What if I need to add an additional 2-3 dockerized dev sites to my environment? what would be the best course of action to prevent having to access these sites solely by port, i.e. 81,82,83,etc? Also, it seems under these circumstances, I would be limited to being able to rewrite only the dev site tied to port 80 to a specific hostname? is there a way to overcome this? what is the best way to manage multiple docker sites from different ports?
Note, I was hoping to access the docker container via the container's IP address i.e. 172.21.0.4 and then simply add a hostname entry to my hosts file, but accessing containers by IP address doesn't work on Mac.
docker-compose.yml
version: '3'
services:
mysql:
container_name: mysql
build: ./mysql
environment:
- MYSQL_DATABASE=example_dev
- MYSQL_USER=test
- MYSQL_PASSWORD=test
- MYSQL_ROOT_PASSWORD=0000
ports:
- 3307:3306
phpmyadmin:
container_name: myadmin
image: phpmyadmin/phpmyadmin
ports:
- 8080:80
links:
- "mysql:db"
apache_site1:
container_name: apache_site1
build: ./php-apache
ports:
- 80:80
volumes:
- ../:/var/www/html
links:
- mysql:db
./php-apache/Dockerfile
FROM php:7-apache
COPY ./config/php.ini /usr/local/etc/php/
EXPOSE 80
thanks in advance
Your problem is best handled using a reverse proxy such as nginx. You can run the reverse proxy on port 80 and then configure it to route requests to the specific site. For example,
http://example.dev/site1 route to site1 at http://example.dev:8080
http://example.dev/site2 route to site2 at http://example.dev:8081
And thus you run your sites on ports 8080, 8081...
Specific solution
Based on the docker-compose file in the question. Edit the docker-compose.yml file, adding this service:
nginx-proxy:
image: jwilder/nginx-proxy
ports:
- "80:80"
volumes:
- /var/run/docker.sock:/tmp/docker.sock:ro
Then, change the apache_site1 service in this way:
apache_site1:
container_name: apache_site1
build: ./php-apache
volumes:
- ../:/var/www/html
links:
- mysql:db
environment:
- VIRTUAL_HOST=apache-1.dev
Run the docker-compose file and check that your apache-1 website is reachable:
curl -H 'Host: apache-1.dev' localhost
Or use the Chrome extension as described below.
More websites
When you need to add more websites, just add an apache_site2 entry like you want and be sure to set a VIRTUAL_HOST environment variable in its definition.
Generic solution
Use a single nginx with multiple server entries
If you don't want to use a reverse proxy with a subpath for each website,
you can setup a nginx reverse proxy listening on you host 80 port, with one server entry for each site/container you have.
server {
listen 80;
server_name example-1.dev;
location / {
proxy_pass http://website-1-container:port;
proxy_set_header Host $host;
proxy_set_header X-Real-IP $remote_addr;
}
}
server {
listen 80;
server_name example-2.dev;
location / {
proxy_pass http://website-2-container:port;
proxy_set_header Host $host;
proxy_set_header X-Real-IP $remote_addr;
}
}
... and so on
Then, you can use the Host header to request different domains to your localhost without changing your /etc/hosts:
curl -H 'Host: example-2.dev' localhost
If you're doing web development, and so you need to see web pages, you can use a browser extension to customize the Host header at each page request.

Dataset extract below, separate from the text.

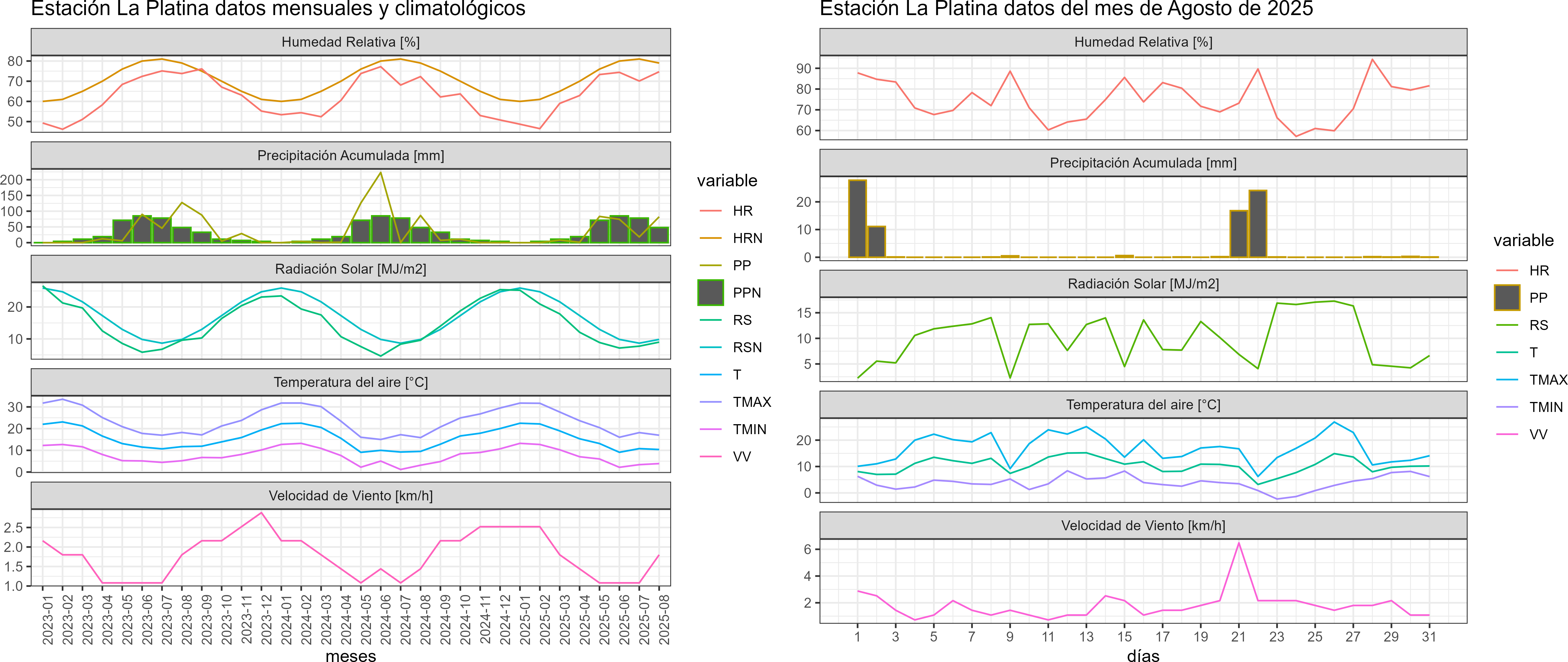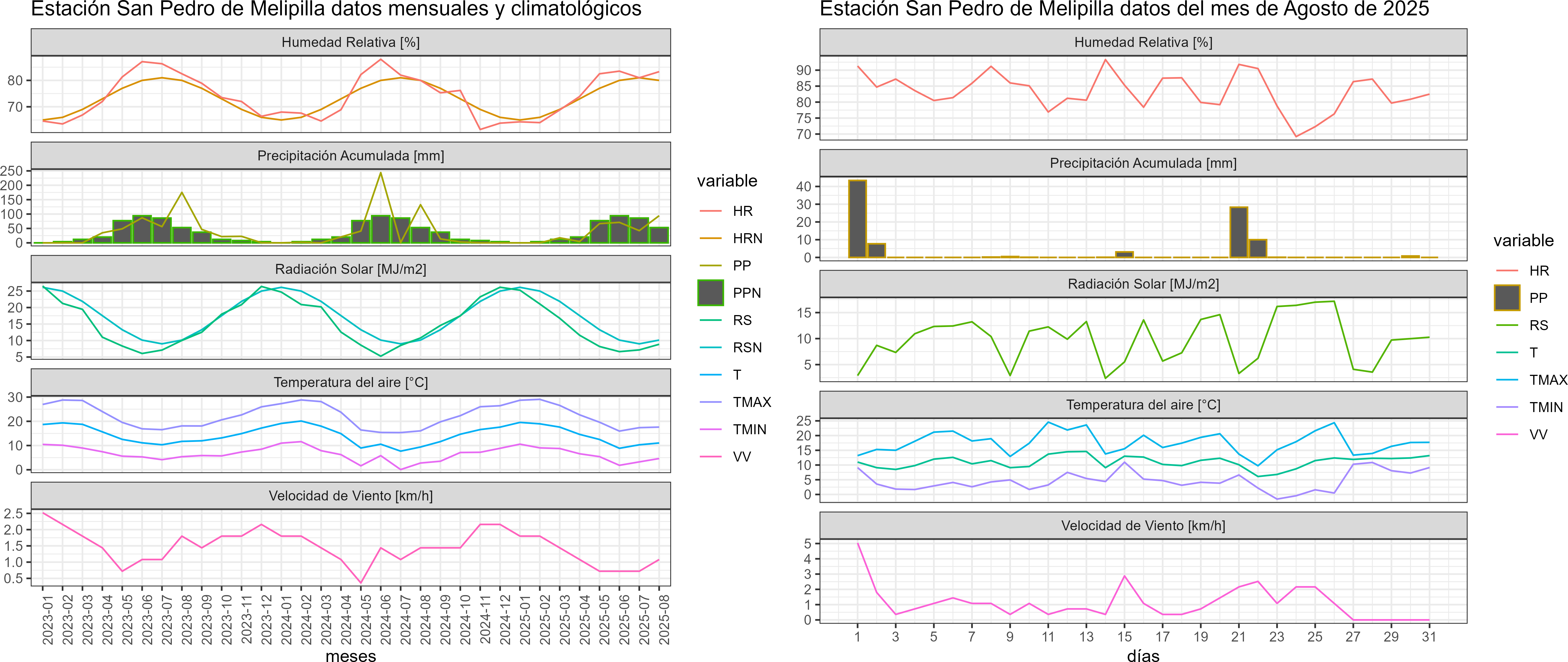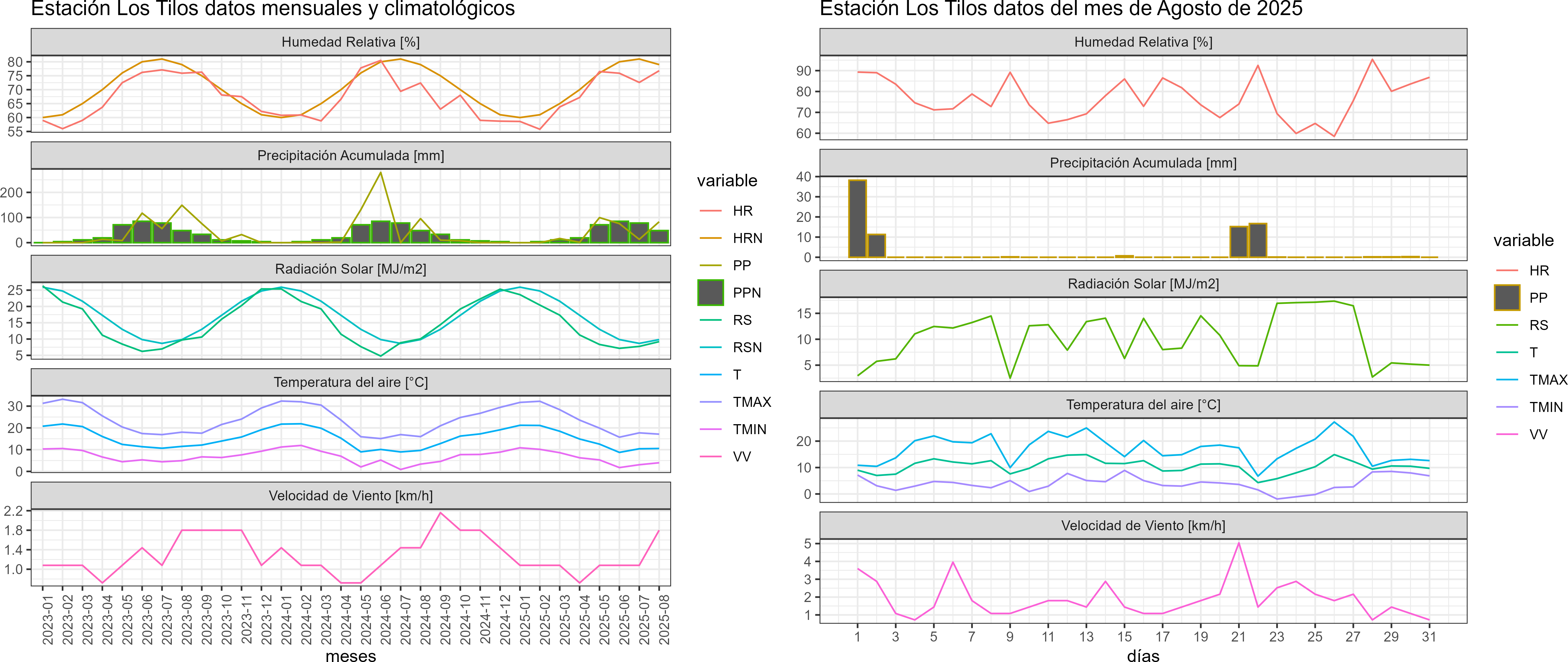 En precipitación, se registraron 83,1 mm, lo que corresponde al 107,9% de un año normal para agosto. El acumulado entre enero y agosto es de 289,7 mm, mientras que lo esperado serían 378 mm, lo que refleja un déficit de 23,4%. En la misma fecha de 2024 se habían acumulado 95,7 mm.

Already made solution with nginx and docker services
Use a docker-compose file with all your and use the jwilder/nginx-proxy image that will auto configure a nginx proxy for you using environment variables. This is an example docker-compose.ymlfile:
version: "3"
services:
website-1:
image: website-1:latest
environment:
- VIRTUAL_HOST=example-1.dev
website-2:
image: website-2:latest
environment:
- VIRTUAL_HOST=example-2.dev
nginx-proxy:
image: jwilder/nginx-proxy
ports:
- "80:80"
volumes:
- /var/run/docker.sock:/tmp/docker.sock:ro
Apache solution
Use apache virtual hosts to setup multiple websites in the same way described for nginx. Be sure to enable the Apache ProxyPreserveHost Directive to forward the Host header to the proxied server.